Abdominal workouts are not about "the more, the better". It’s more effective and you will have a better result if you do fewer repetitions, but you must focus on actually finding the ab muscles and feel them working.
If you are bothered by tummy fat, you need to check your diet and make some changes there as well as doing lower stomach exercises. These exercises are great for toning your muscles and helping to flatten the stomach, but they can't shift the fat - you can only do that by following a healthy weight loss diet and adding some aerobic exercise to your toning exercises.
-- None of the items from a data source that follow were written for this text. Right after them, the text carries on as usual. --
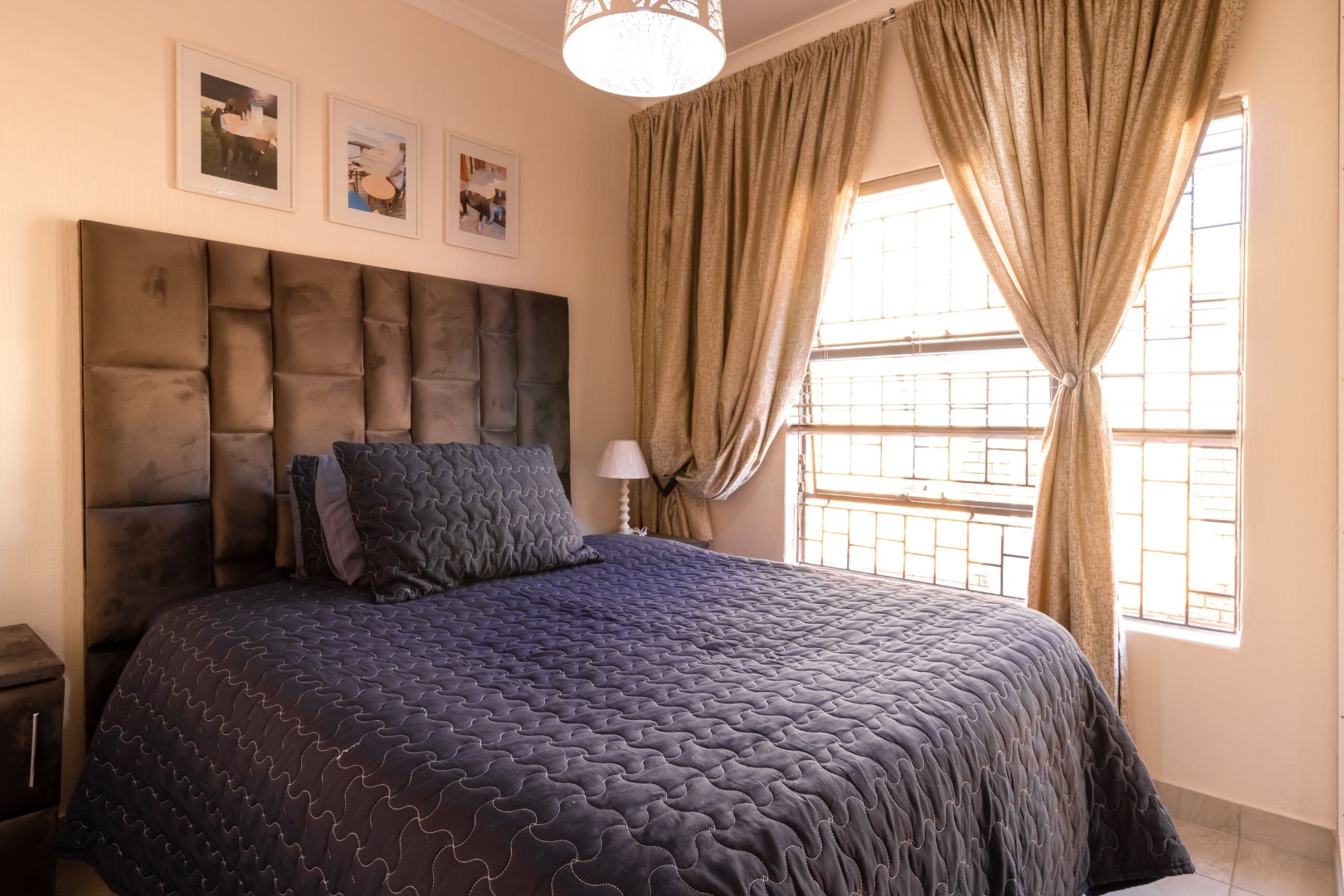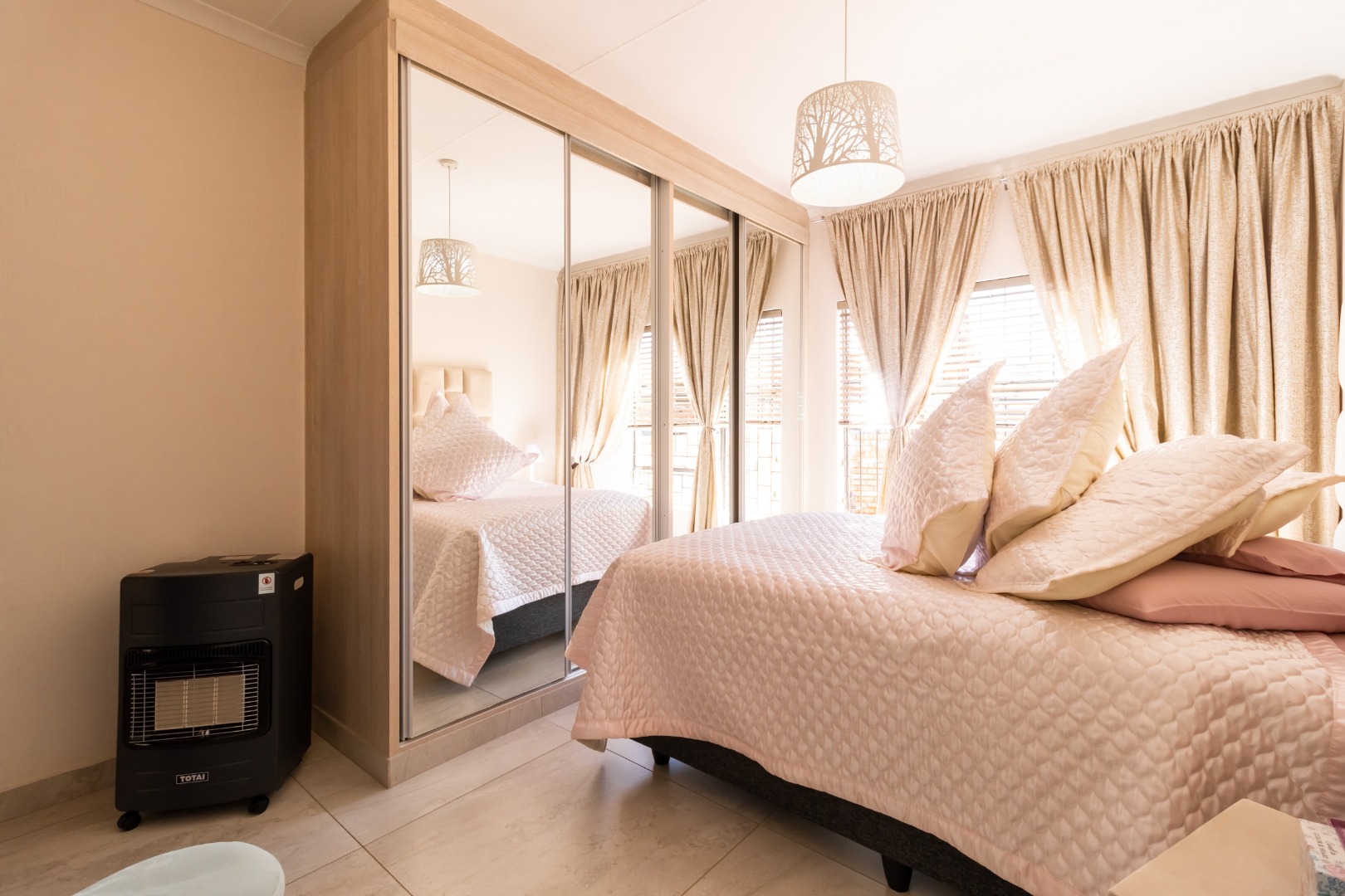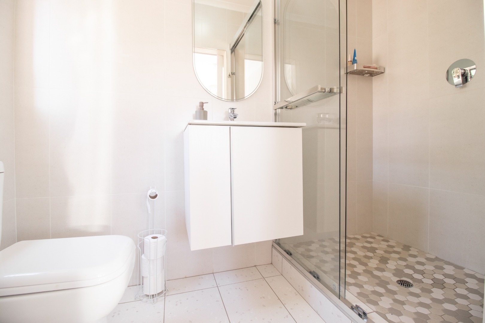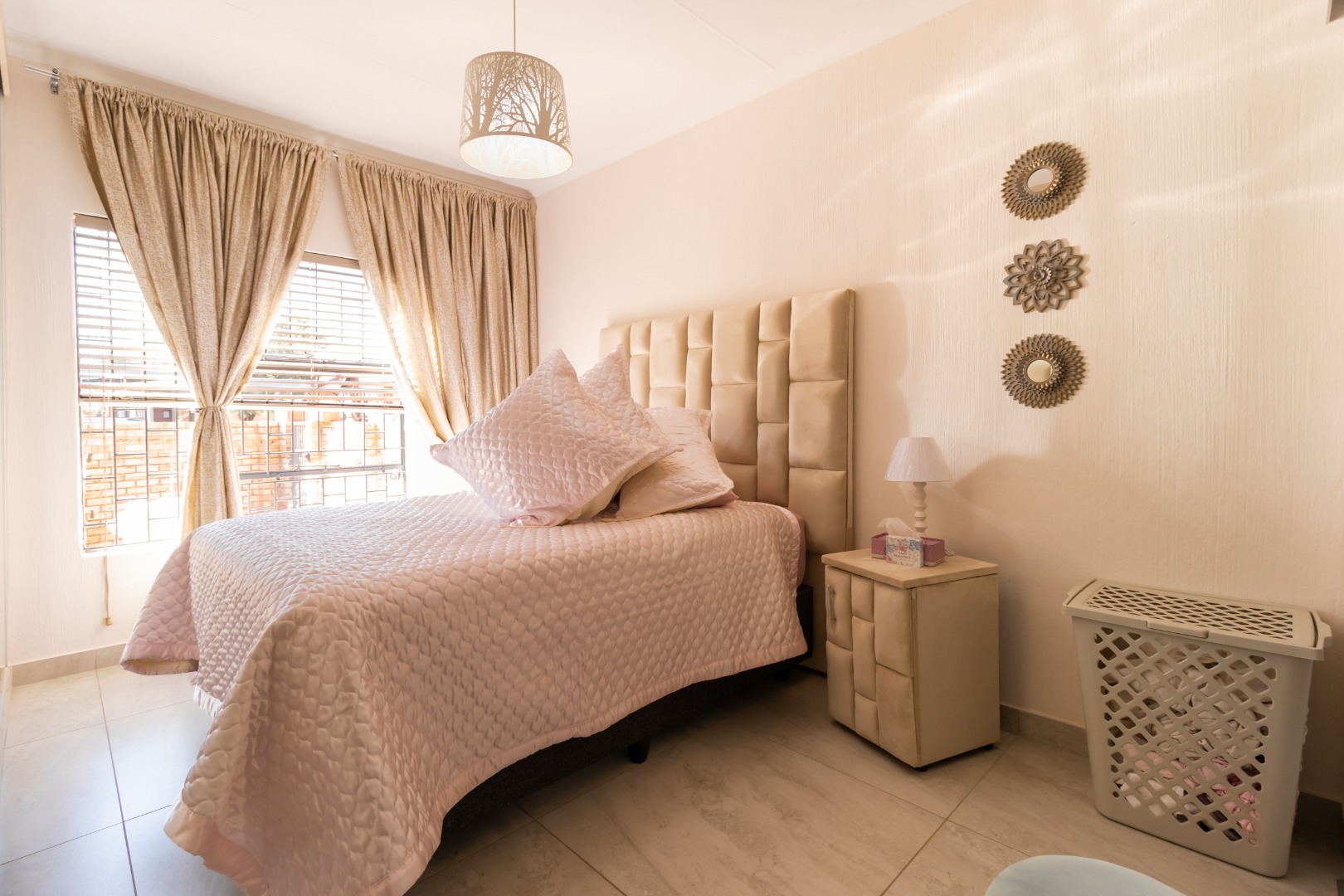 2 spacious bedrooms with built-in cupboards and tiled floors.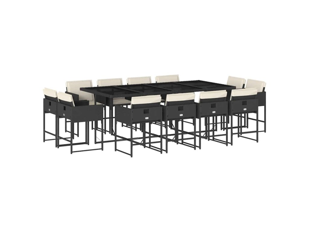 13dílný zahradní jídelní set s poduškami černý polyratan 3278165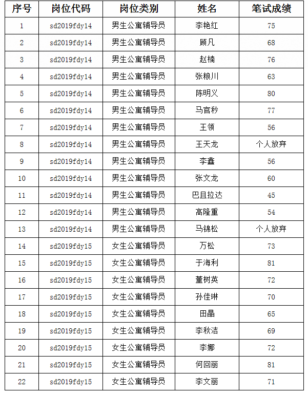 云南師范大學(xué)2019年公開(kāi)招聘非事業(yè)編制專職輔導(dǎo)員筆試成績(jī)公布
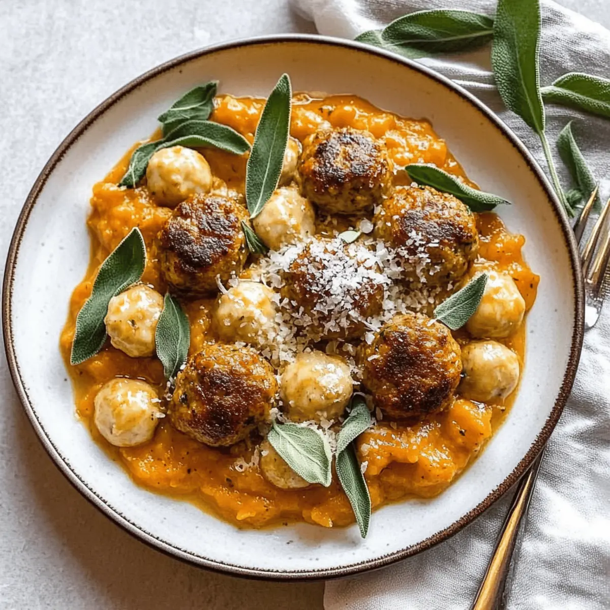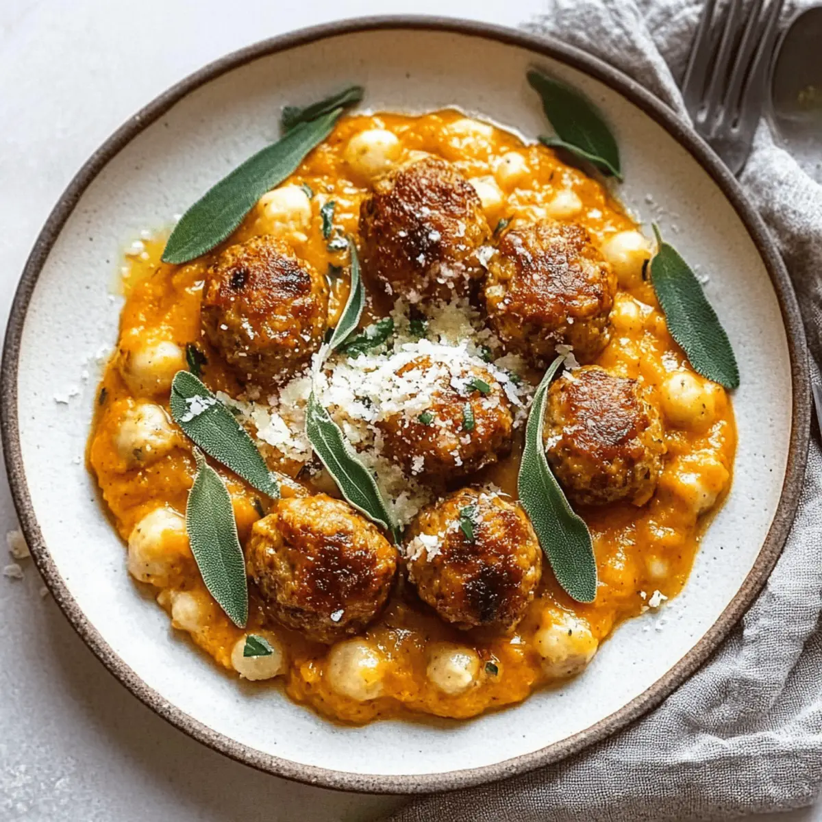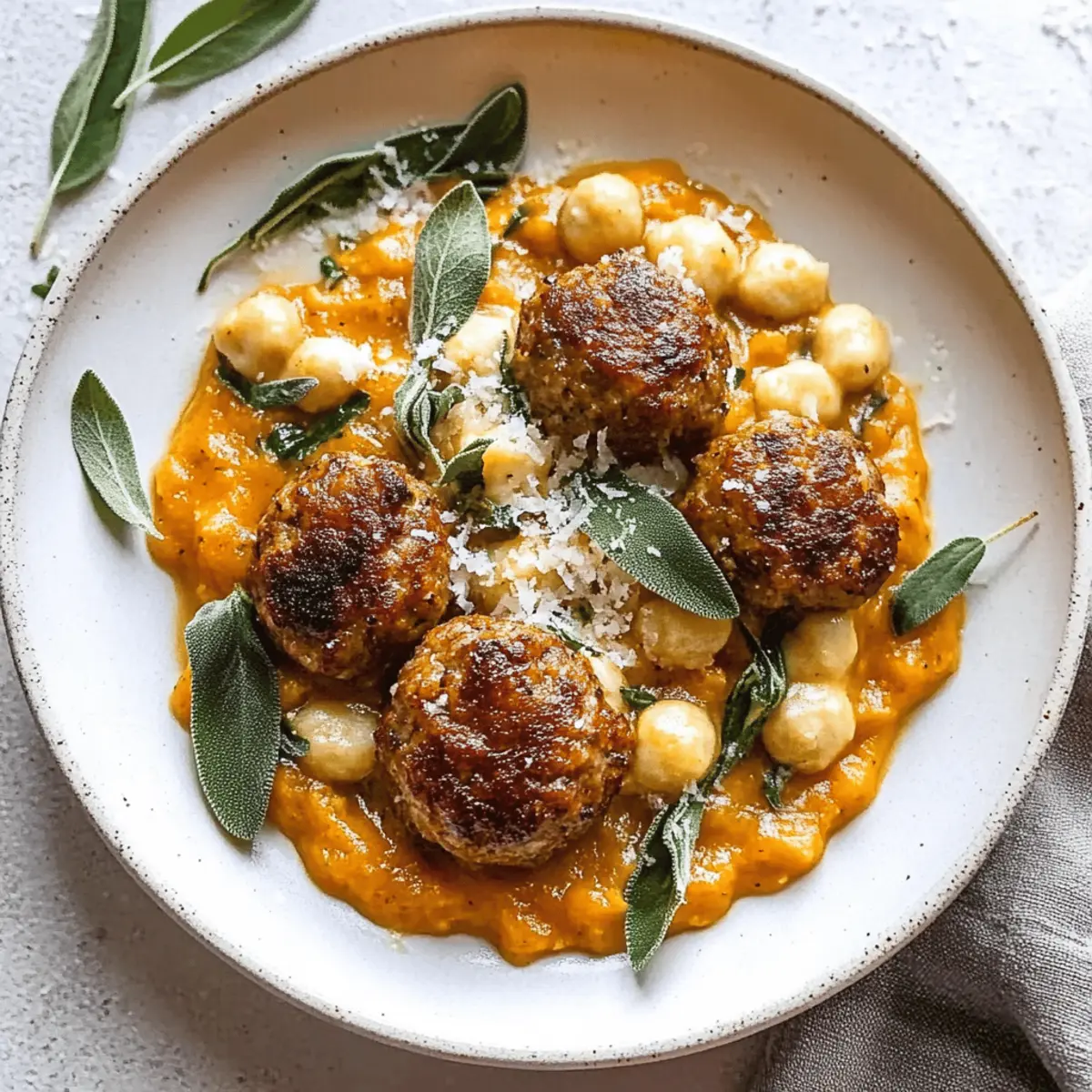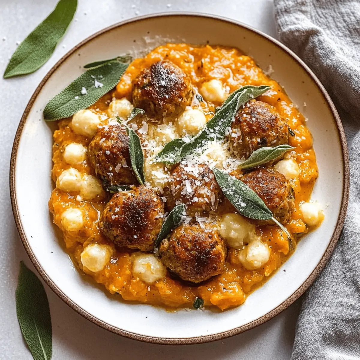 As the first hints of autumn chill the air, I find myself yearning for that perfect bowl of comfort. Enter my Juicy Turkey Meatballs in Creamy Pumpkin Sage Sauce, a dish that beautifully merges the heartiness of turkey with the velvety warmth of pumpkin. Not only is this recipe a cinch to whip up on busy evenings, but it also brings a nutritious twist to your table, perfect for gathering around with loved ones. With every bite, you’ll savor the rich flavors of sage and the creamy texture that hugs those succulent meatballs like a favorite sweater. Ready to embrace the cozy season? Let’s dive into this delicious recipe and fill our kitchens with warm, inviting aromas! Why Are These Meatballs So Irresistible? Savory Comfort: This recipe captures autumn’s essence, combining turkey with pumpkin for a cozy dish that warms your soul. Nutritious Twist: Enjoy hearty meatballs that don’t skimp on health. Lean turkey and pumpkin pack a nutritious punch without sacrificing flavor. Quick & Easy: With straightforward steps, you’ll have a delicious meal ready in no time. Perfect for busy weeknights! Flavor Explosion: The blend of fresh sage and creamy pumpkin elevates classic meatballs to gourmet status—ideal for impressing guests or livening up family dinners. Versatile: Pair these meatballs with gnocchi, polenta, or even serve over a bed of fresh arugula for a delightful twist. Ready to transform your dinner routine? Try these delightful meatballs today and enjoy an enchanting blend of flavors! Take a peek at our Sausage Egg Breakfast for another comfort food favorite! Turkey Meatballs in Pumpkin Sage Sauce Ingredients For the Meatballs Ground Turkey – Provides a lean protein base for meatballs; swap with chicken or plant-based ground meat if desired. Fresh Breadcrumbs – Adds structure and moisture; soaked in milk for extra tenderness; panko makes a great substitute. Milk – Helps to soak breadcrumbs for optimal moisture; non-dairy milk can be used for a vegan option. Garlic, Minced – Packs a flavorful punch; garlic powder can substitute in a pinch. Onion, Finely Minced – Infuses sweetness and moisture into meatballs; shallots can be a milder alternative. Fresh Sage – Delivers that quintessential fall flavor; fresh is preferred for intensity over dried. Italian Seasoning – Blends essential herbs that complement turkey beautifully. Parmesan Cheese – Adds rich, savory depth; nutritional yeast can work for a plant-based alternative. Egg – Binds the ingredients together keeping meatballs tender; a flax egg is a vegan swap. For the Sauce Canned Pumpkin Puree – Creamy base with a seasonal touch; homemade puree is a delightful alternative! Heavy Cream – Enriches the sauce; coconut cream can lighten it up for a healthier option. Additional Parmesan – For garnishing and enhancing the flavor profile of the sauce. Embrace the cozy flavors of these Turkey Meatballs in Pumpkin Sage Sauce and let your kitchen fill with warmth! Step‑by‑Step Instructions for Turkey Meatballs in Pumpkin Sage Sauce Step 1: Prepare Meatball Mixture In a large mixing bowl, combine 1 pound of ground turkey, soaked fresh breadcrumbs, minced onion, garlic, egg, chopped fresh sage, Italian seasoning, and grated Parmesan cheese. Mix gently with your hands until just combined, being careful not to overwork the meat to ensure tender meatballs. Set the mixture aside to allow the flavors to meld for about 10 minutes. Step 2: Form Meatballs With damp hands to prevent sticking, scoop small amounts of the meat mixture and roll them into meatballs about 1.5 inches in diameter. Place the formed meatballs in a single layer on a plate, ensuring they aren’t crowded, which will help them cook evenly. This step will take roughly 5 minutes and sets up for browning the meatballs beautifully. Step 3: Cook Meatballs Heat a large skillet over medium heat and drizzle in a tablespoon of olive oil. Once the oil is shimmering, gently add the meatballs, ensuring not to overcrowd the pan. Sear them for about 5-6 minutes or until they are golden brown all over, turning occasionally to achieve an even color. Remove the meatballs from the skillet and set them aside on a plate while you prepare the sauce. Step 4: Make Sauce In the same skillet, reduce the heat to low and add one can of pumpkin puree along with heavy cream and reserved fresh sage. Stir well to combine, scraping any browned bits from the bottom of the pan, and let the mixture simmer gently for about 3-5 minutes until heated through and slightly thickened. The creamy pumpkin sage sauce should become warm and aromatic. Step 5: Combine Carefully return the browned turkey meatballs to the skillet with the pumpkin sage sauce, ensuring they are nestled into the sauce. Allow them to simmer together for about 5 minutes, which will help the meatballs absorb the flavors of the sauce and heat through. The turkey meatballs in pumpkin sage sauce will become perfectly coated and richly flavored. Step 6: Serve Once everything is heated through, plate the turkey meatballs atop a bed of your choice, such as gnocchi or polenta, and generously spoon the creamy pumpkin sage sauce over them. Garnish with additional grated Parmesan cheese for added flavor and a touch of elegance. Serve warm, inviting family and friends to enjoy a comforting and hearty meal! What to Serve with Juicy Turkey Meatballs in Creamy Pumpkin Sage Sauce As the flavors of autumn embrace your kitchen, enhance your meal with delightful sides that complement this creamy, savory dish. Creamy Polenta: This velvety side creates a comforting base, soaking up the rich pumpkin sage sauce beautifully for a satisfying experience. Garlic Bread: Crunchy and warm, garlic bread offers a delightful contrast in texture, making every bite feel special as you scoop up those tender meatballs. Roasted Brussels Sprouts: With their nutty flavor and caramelized edges, these vibrant veggies add a touch of freshness and a healthy crunch t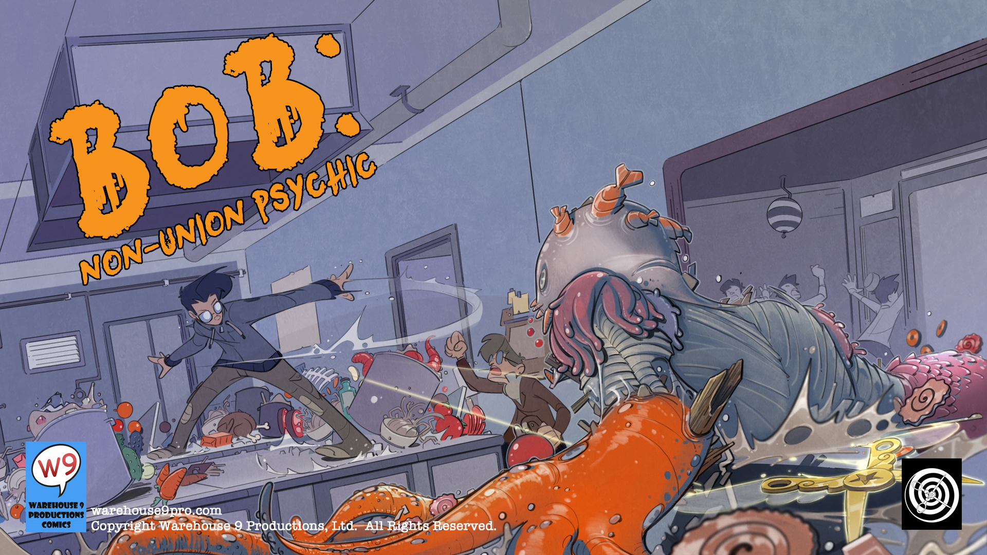 Warehouse 9 Productions, Ltd. (W9) is an independent comic book company that owns and distributes the amazing graphic novel BOB: NON-UNION PSYCHIC - THE BIG BOOK OF BOB VOL. 1.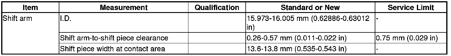 Shift Arm Specification(s) (M/T)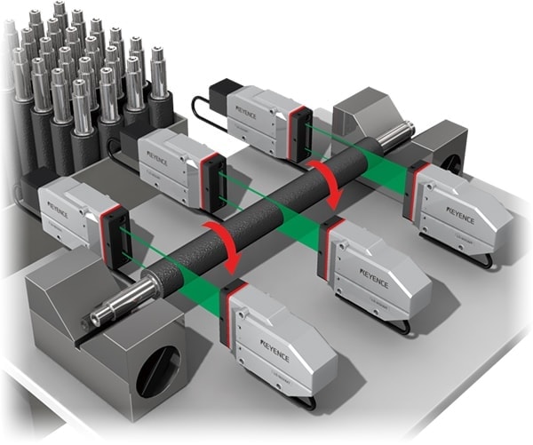 LS 시리즈는 대상 물체의 재질 및 표면 광택에 따른 측정값 편차가 없어 롤 측정 용도 관련 채택 실적이 매우 많습니다. 롤의 양쪽 끝을 측정하여 편심뿐만 아니라 기울기도 측정할 수 있습니다.

You can add power to this exercise by firmly attaching ankle weights before you do it. Lie on a floor mat or on a low exercise bench. If you're on a bench, lie with your buttocks at the edge of the bench so that your legs can move freely and your back is supported. Put your hands by your side is you're on the floor, or grip the edges of the bench.
Step 2
Keeping legs and feet together, and with knees slightly bent, lift your legs at 90 degrees to your body, then slowly move them towards your chest to an angle of 45 degrees. Use the muscles in your abs to make these movements.
Step 3
Slowly bring your legs back down to the position you started from, controlling the movement with the muscles in your lower stomach area. Don't let your back arch away from the floor or bench. Repeat up to 10 times.
Seated Leg Lift
Step 1
Sit upright with a straight back on a very stable chair and grip the sides of the chair so that your body tilts slightly backwards.
Step 2
Engage your stomach muscles tightly, keep legs and thighs together and lift legs so that the backs of your thighs rise off the chair. Lower and repeat up to 10 times. Don't let your feet touch the ground between lifts.
Double Leg Lift
Step 1
Lie flat on the floor with your legs straight. Lift your head and neck and support them with your hands.
Step 2
Bend both legs towards you, then straighten them out to point at the ceiling at about 45 degrees. Continue to support your head.
Step 3
Slowly lower your legs until they're about 1 foot/30 cm off the floor, then raise them again. Repeat this exercise up to 10 times - you can really feel those stomach muscles working.
Pelvic Tilts
Step 1
Lie on your back with your knees bent, hands by your sides.
Step 2
As you breathe out, lift your pelvis off the floor, keeping your back flat. Hold, then breathe out and gently lower. Repeat in sets of 10, up to 4 times with a 1.5 minute break between every set.